From the listing below, reproduce exactly the lines starting with the one with "可以通过苹果手机设置功能,在勿扰模式页面设置允许以下来电为所有联系人状态即可。" and going on through the one with "Kaliforniyalı araştırmacılar, geçen", both ends kept. No picture is copied.
Data extract START
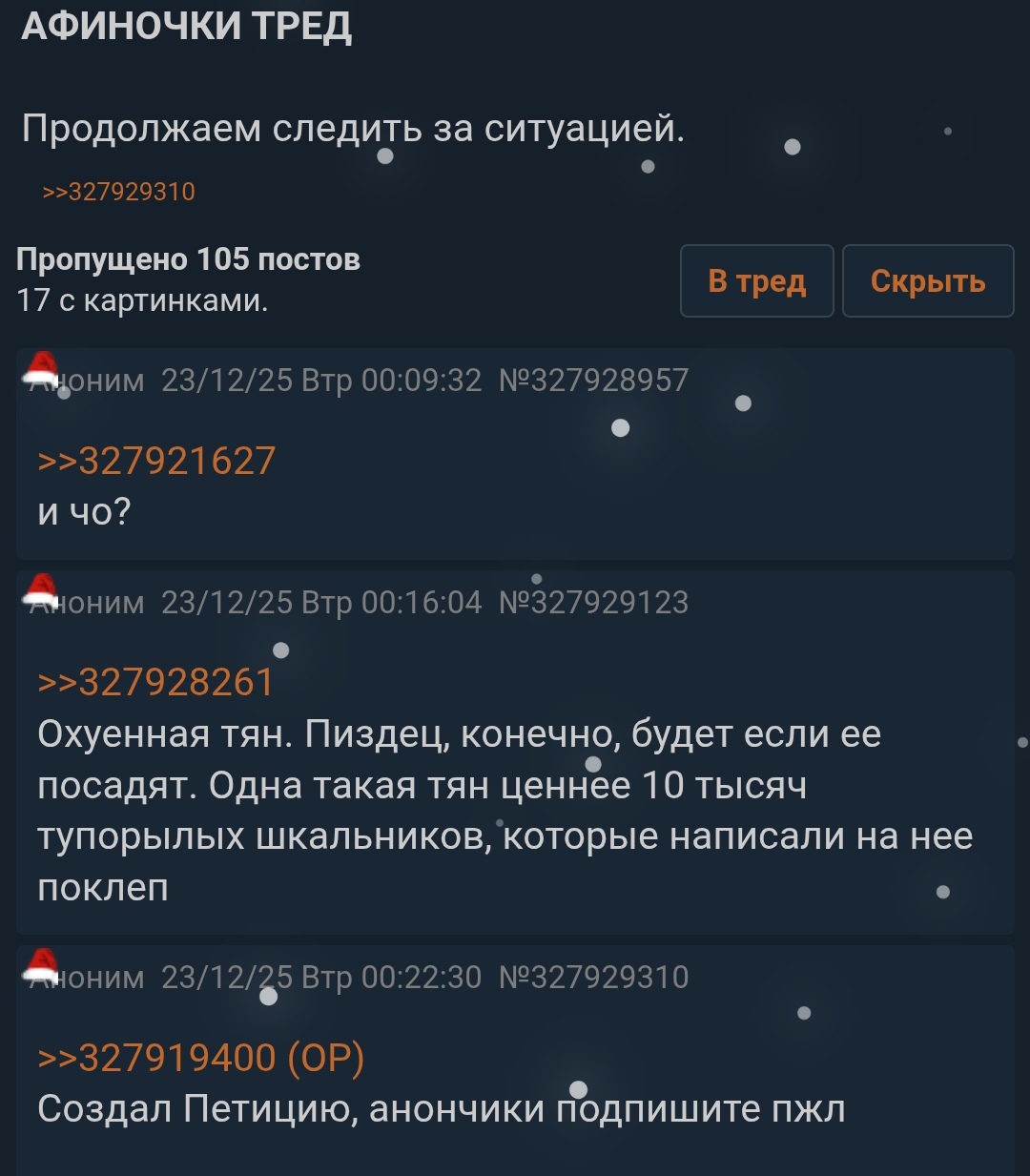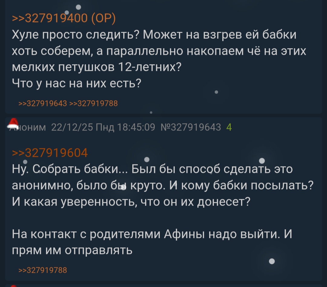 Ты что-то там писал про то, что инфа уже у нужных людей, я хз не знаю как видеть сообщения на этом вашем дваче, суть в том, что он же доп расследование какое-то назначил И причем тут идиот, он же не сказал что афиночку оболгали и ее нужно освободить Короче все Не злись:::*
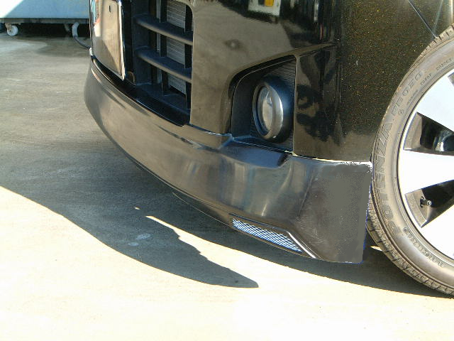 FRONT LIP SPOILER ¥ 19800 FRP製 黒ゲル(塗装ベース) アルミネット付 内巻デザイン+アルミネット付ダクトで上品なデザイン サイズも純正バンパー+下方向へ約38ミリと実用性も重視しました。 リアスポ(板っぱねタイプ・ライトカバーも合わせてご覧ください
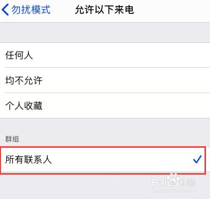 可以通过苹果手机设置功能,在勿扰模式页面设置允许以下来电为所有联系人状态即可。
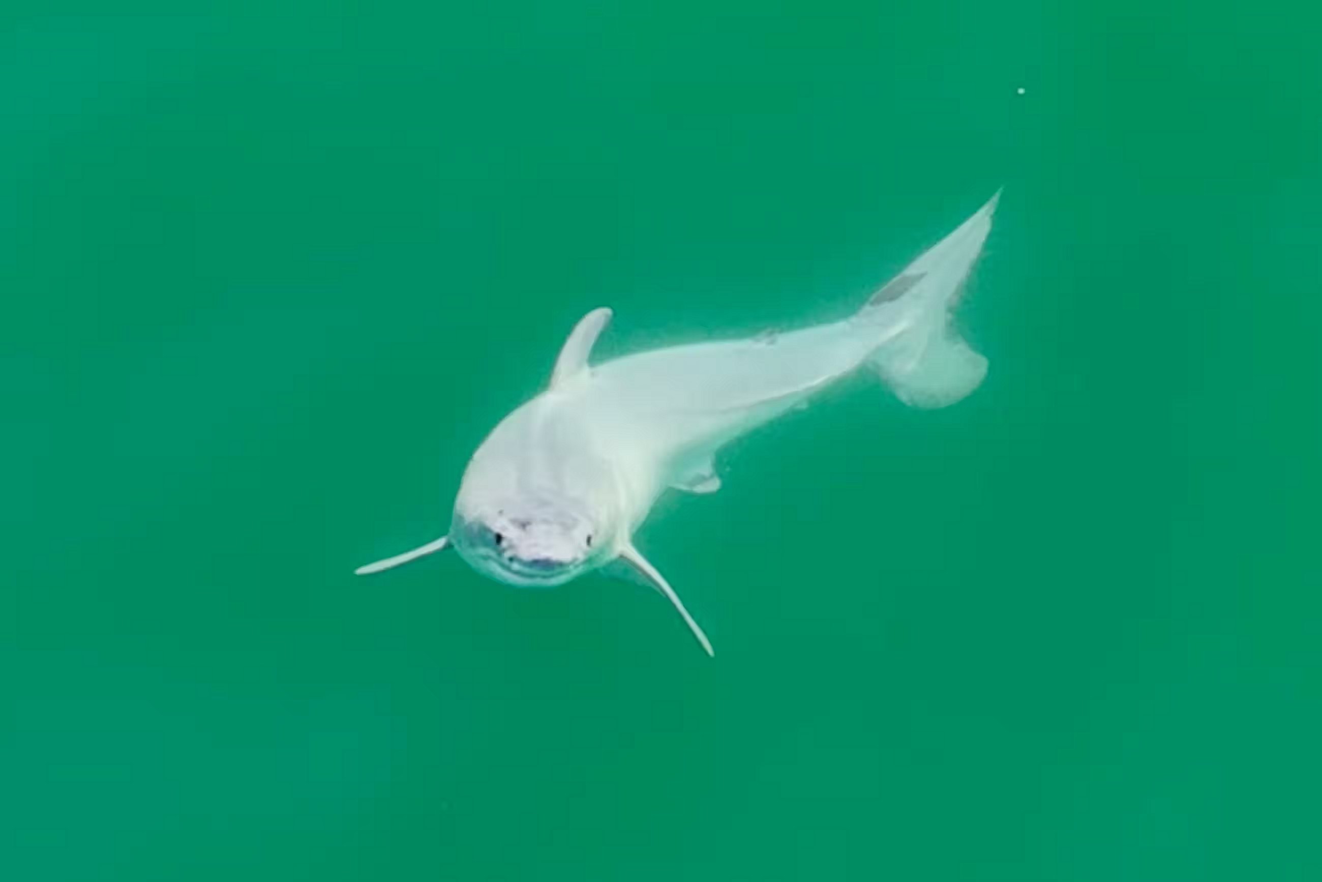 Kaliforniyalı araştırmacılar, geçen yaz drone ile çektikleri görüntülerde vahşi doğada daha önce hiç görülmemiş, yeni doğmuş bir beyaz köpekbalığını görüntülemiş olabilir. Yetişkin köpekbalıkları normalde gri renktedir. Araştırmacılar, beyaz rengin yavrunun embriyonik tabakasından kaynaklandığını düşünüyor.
Data extract END
Data extract START
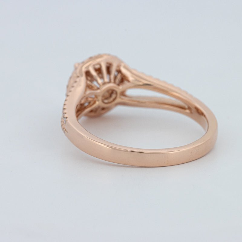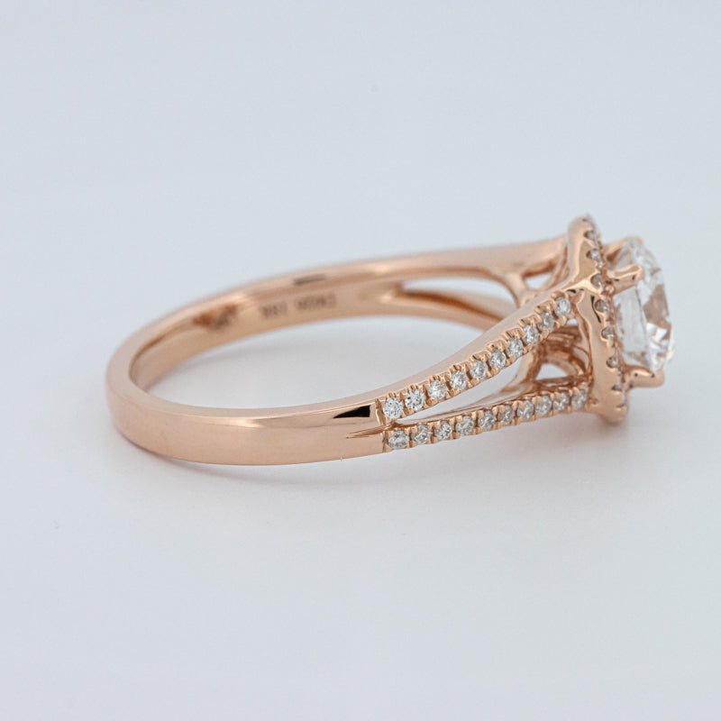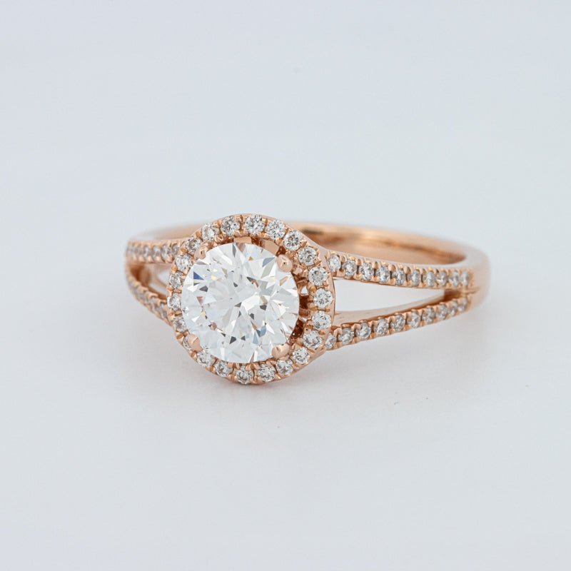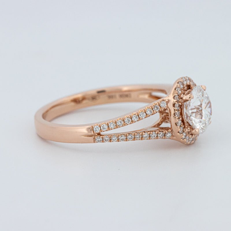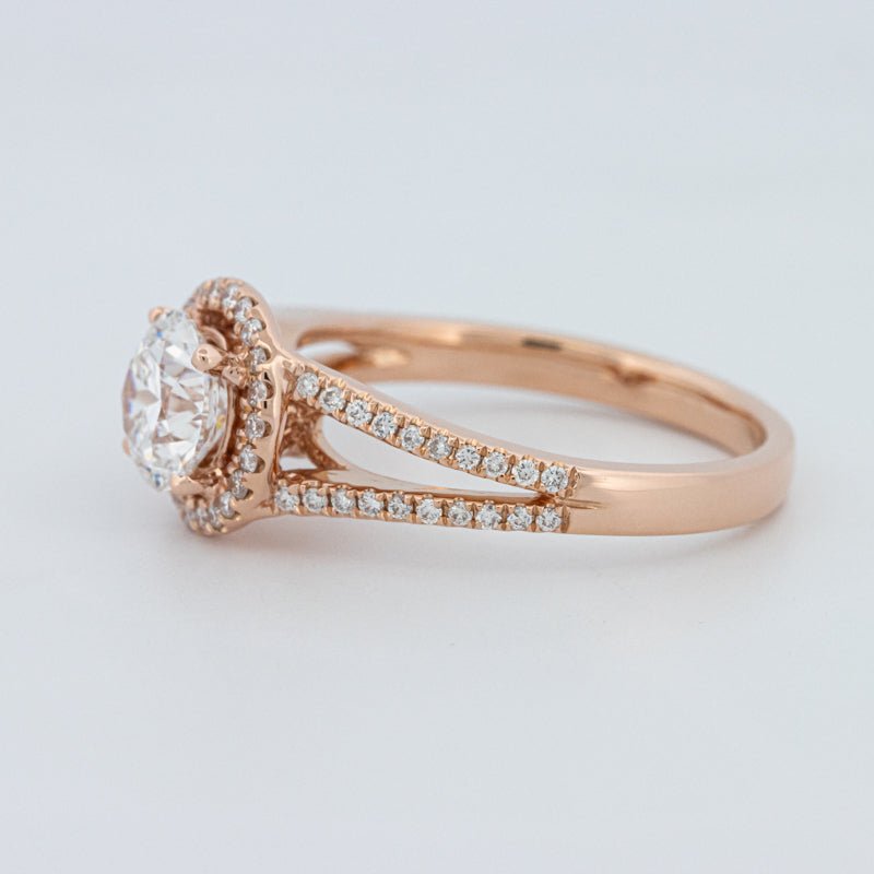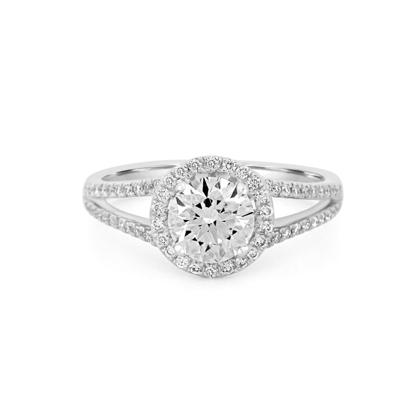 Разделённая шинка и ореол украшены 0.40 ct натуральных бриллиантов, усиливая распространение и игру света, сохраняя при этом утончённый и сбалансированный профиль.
Data extract END
**Written solution**
 可以通过苹果手机设置功能,在勿扰模式页面设置允许以下来电为所有联系人状态即可。
 Kaliforniyalı araştırmacılar, geçen yaz drone ile çektikleri görüntülerde vahşi doğada daha önce hiç görülmemiş, yeni doğmuş bir beyaz köpekbalığını görüntülemiş olabilir. Yetişkin köpekbalıkları normalde gri renktedir. Araştırmacılar, beyaz rengin yavrunun embriyonik tabakasından kaynaklandığını düşünüyor.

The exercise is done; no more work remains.